Per chi si chiede ancora cosa sia Shangri-La la risposta è quindi una sola: un’operazione di marketing. Non c’è motivo per questo luogo di esitere in questa forma, se non quello di spingere i turisti (come me) a spendere soldi in quest’area. Ma saranno davvero così stupide le persone da spostarsi in flotte verso una destinazione solo perché le è stato cambiato il nome? Sì, dal 2001 c’è stato un incremento costante nel turismo verso Shangri-La, che seppur non abbia mai raggiunto i livelli di Lijiang ha sicuramente cominciato a basare parte della propria economia sui nuovi visitatori. Fino a quest’anno, il 2014, in cui l’intero centro storico è stato raso al suolo da un incendio.
Perché, alla luce di tutto questo, sono andato comunque a Shangri-La? Era per strada, potrei dire. Oppure per dire di esserci stato. O perché è l’unico modo di avvicinarmi al Tibet. Ma no, la verità è un’altra. La realtà è che tutta questa storia mi incuriosiva. Mi incuriosiva il fatto che oggi basta davvero scegliere il nome giusto, il simbolo adatto (il logo?), nonostante il contenuto, per smuovere le masse. Mi piaceva andare a vedere se davvero i cinesi hanno capito tutto, se veramente in tutte quelle storie su turisti e viaggiatori, alla fine dei conti non siamo altro che pecore. Volevo capire però, anche se Shangri-La è effettivamente solo un nome vuoto oppure se era veramente una meta promettente che aveva bisogno di una spinta per essere apprezzata. E poi c’era questo incendio, non suona un po’ sospetto che il cuore di una comunità tibetana in Cina che sta acquisendo lentamente importanza viene d’un tratto polverizzato? C’erano tante domande, a cui non pretendevo di trovare risposta nei pochi giorni a disposizione, ma per cui valeva sicuramente la pena fare tre ore in più di autobus.
Arrivando a Shangri-La si cominciano a vedere le immense case tibetane al centro di prati su cui pascolano cavalli.
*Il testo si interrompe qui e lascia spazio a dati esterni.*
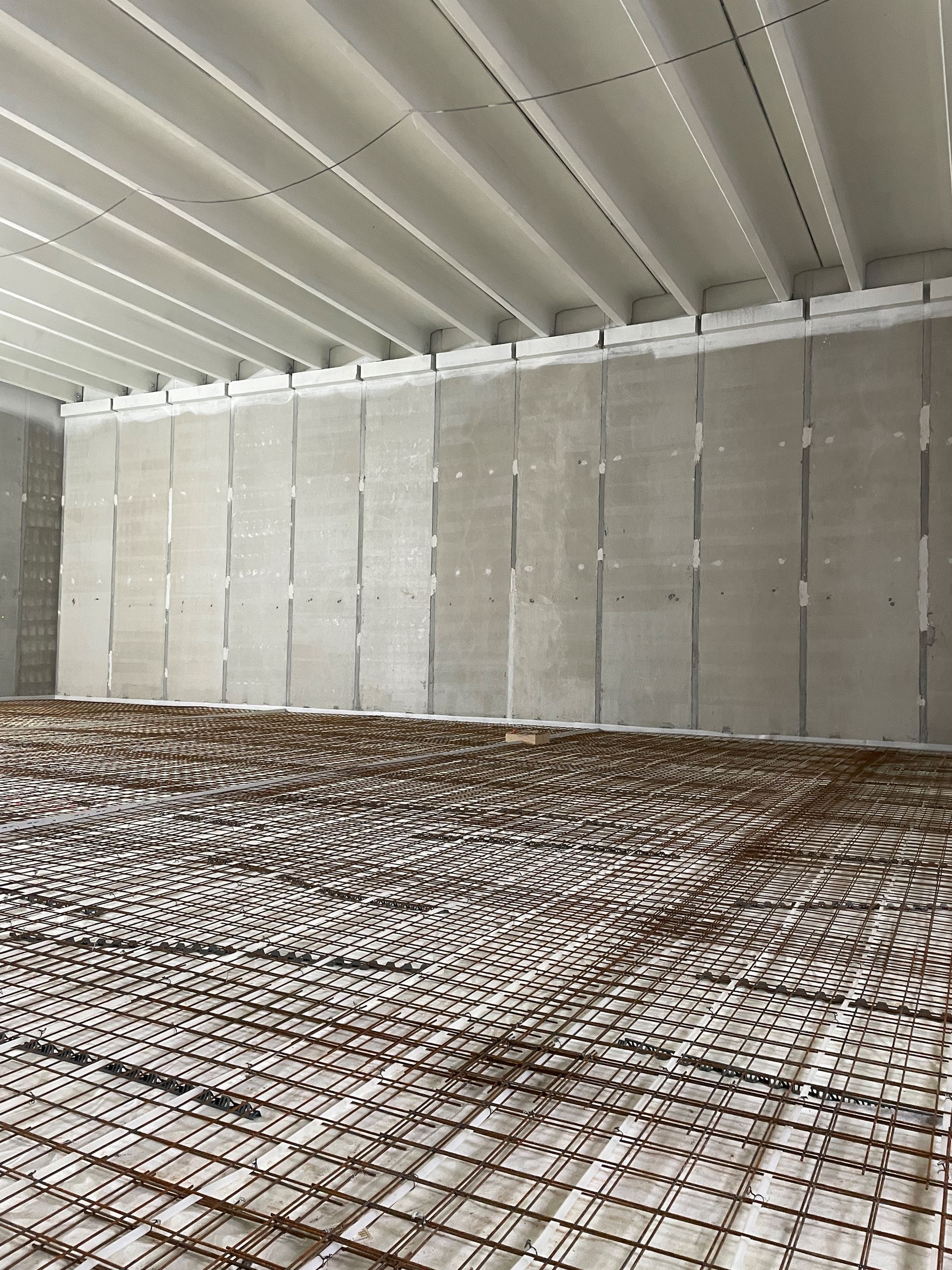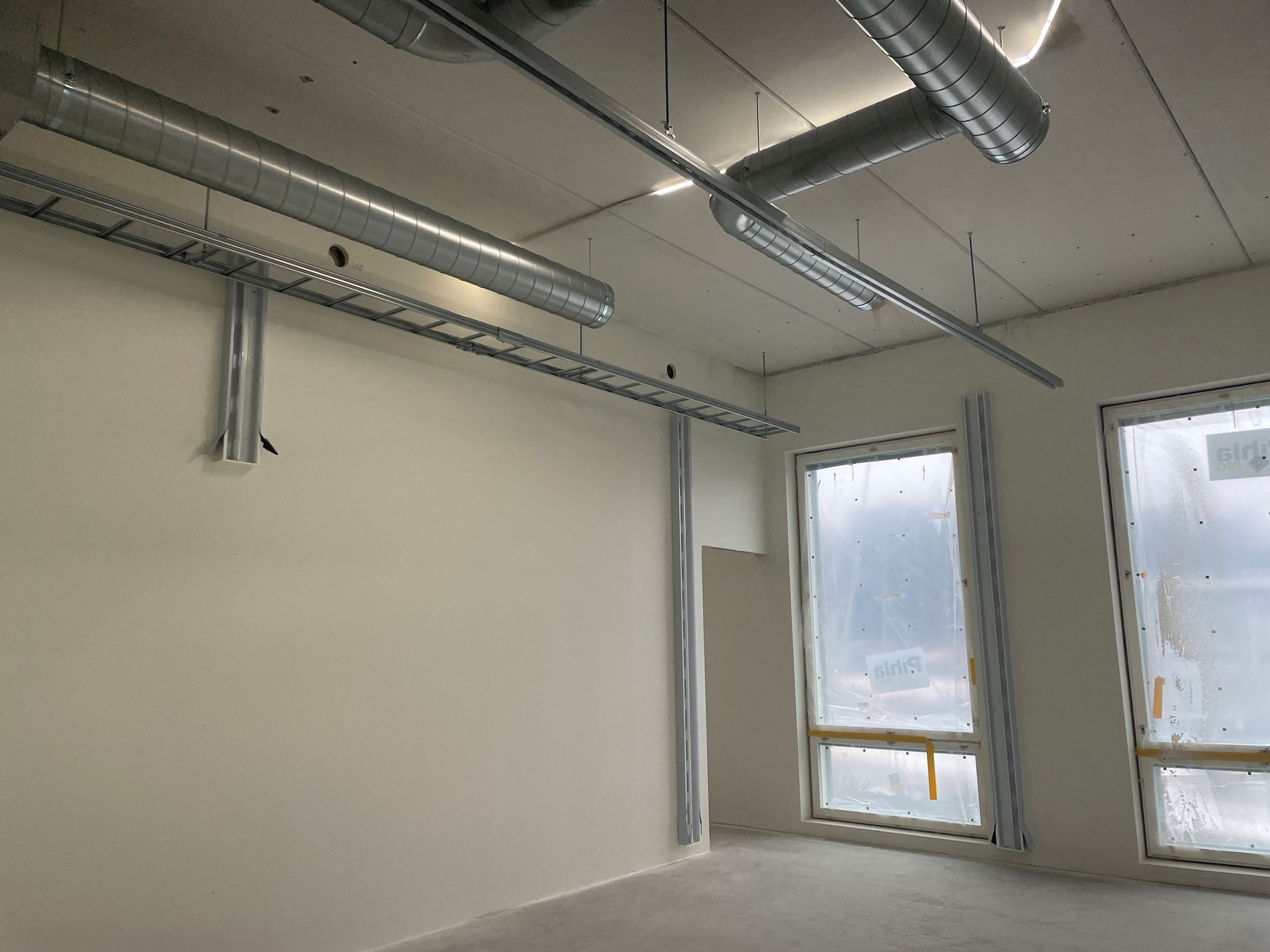VVS, installation av golvvärmerör, elinstallationer och installation av ventilationskanaler framskrider. P1-städningen fortsätter före ventilationsinstallationerna.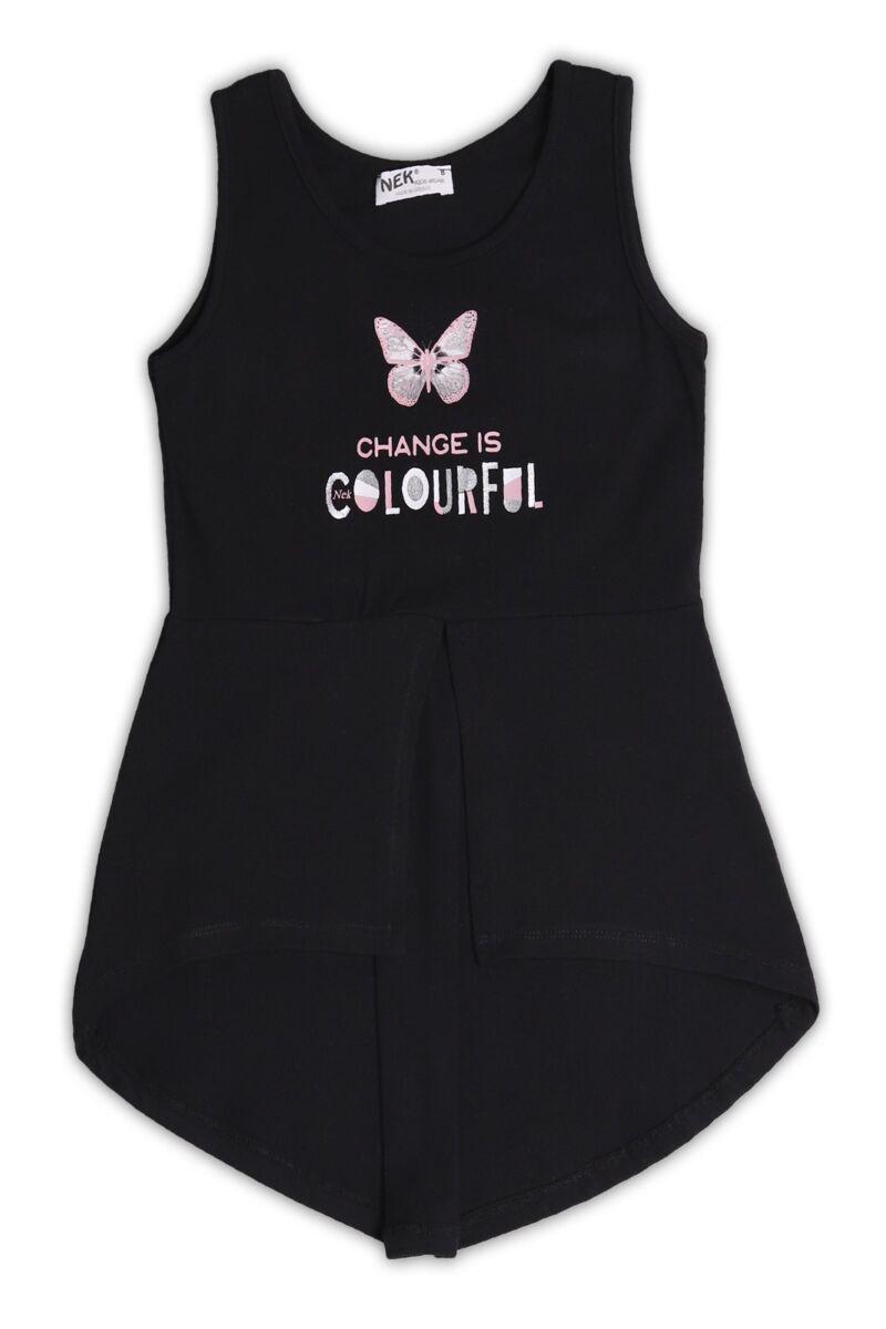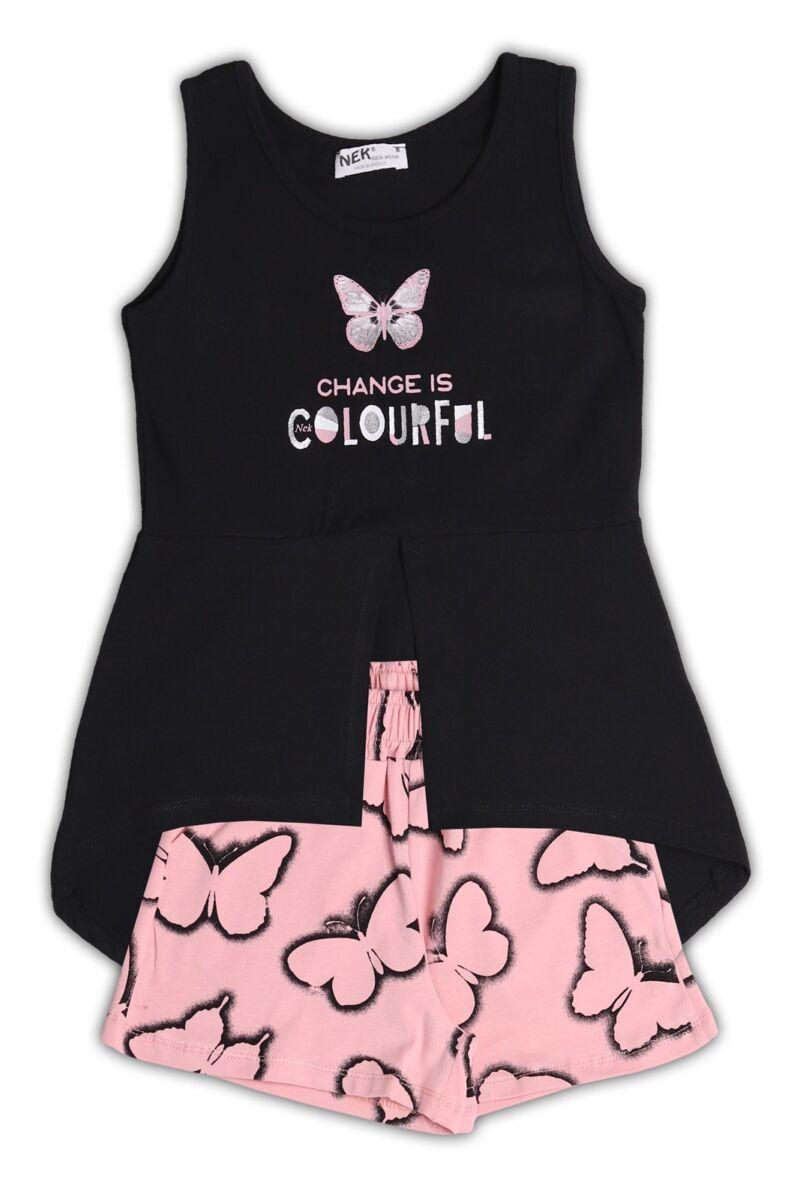 Σετ για κορίτσι nek colourful μαύρο μπλουζάκι με άνοιγμα στην πλάτη και ροζ σορτσάκι με πεταλούδες. Από 100% βαμβάκι.

In queste case vivono più generazioni e tutti gli spazi sono condivisi. Sono molto più grandi del necessario, è vero, ma altrettanto semplici e poco appariscenti. Le colline sono punteggiate da diverse stupa, e poi un monastero rosso scuro appare in controluce. L’ingresso alla città – perché Shangri-La è ormai di fatto una città, non un villaggio – è deludente, con palazzi di cemento che si susseguono su strade che formano una griglia. Bisogna arrivare alla parte vecchia della città perché i tetti si abbassino e le strade si stringano.
Ci sono pochi turisti a Shangri-La. La Dragoncloud Guesthouse ospita tre o quattro coppie, tutti qui per un giorno o due. Ero stato avvertito: con la principale attrazione, il centro storico, scomparsa, purtroppo rimane poco da fare e quel poco si paga caro. Sì perché questa è la Cina, e non c’è attrazione turistica che non sia resa esplicitamente tale da un prezzo d’ingresso. Il monastero più importante della città costa 30 dollari – quando di centinaia di monasteri visitati non ho mai pagato più che una donazione – e anche uno spontaneo giro in bicicletta per vedere i dintorni si dice sia uno slalom tra villaggi “autentici” che per essere attraversati richiedono un biglietto d’ingresso di un’altra decina di dollari. Non ha senso. Non è un luogo da scoprire ed è inutile provare a fare le cose a modo proprio. La voglia di esplorare passa in fretta e l’alternativa è farsi trascinare dagli eventi, sperando che qualcosa d’interessante si mostri da sé.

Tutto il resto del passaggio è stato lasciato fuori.